WHAT NEEDS TO BE DONE: Write out each line below precisely, passing over the pictures.
*** INPUT DATA
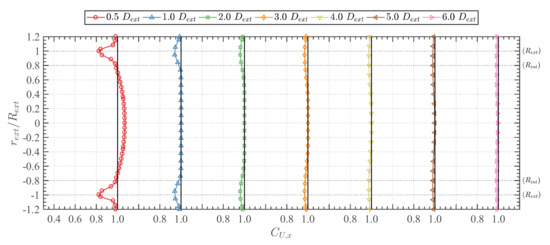 Axial velocity coefficient () profiles within the duct wake at different downstream displacements ( 4 m.s−1; 0°).
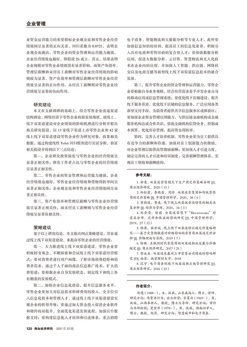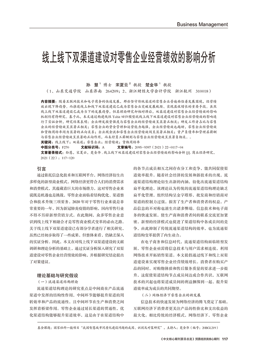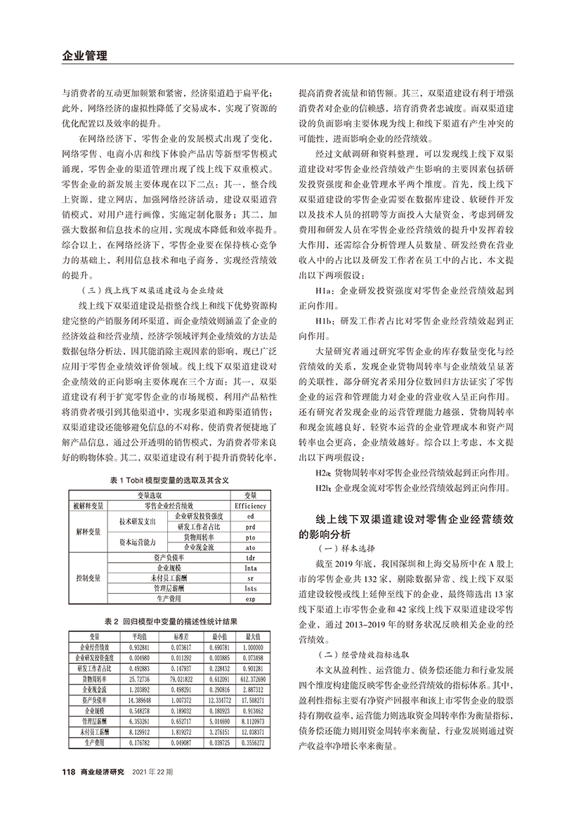 | 线上线下双渠道建设对零售企业经营绩效的影响分析 |
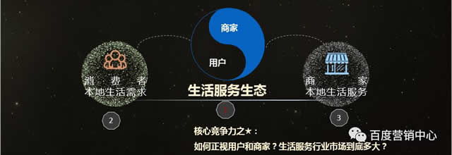 生活服务生态:在我们整个生态当中的每一个节点上面都会面临着两个非常关键的问题(用户+商家),一个从供给方,一个是需求方,来对接服务类商品的供求市场。 企业大数据精准营销
******
EXERCISE RESPONSE:
 Axial velocity coefficient () profiles within the duct wake at different downstream displacements ( 4 m.s−1; 0°).
 | 线上线下双渠道建设对零售企业经营绩效的影响分析 |
 生活服务生态:在我们整个生态当中的每一个节点上面都会面临着两个非常关键的问题(用户+商家),一个从供给方,一个是需求方,来对接服务类商品的供求市场。 企业大数据精准营销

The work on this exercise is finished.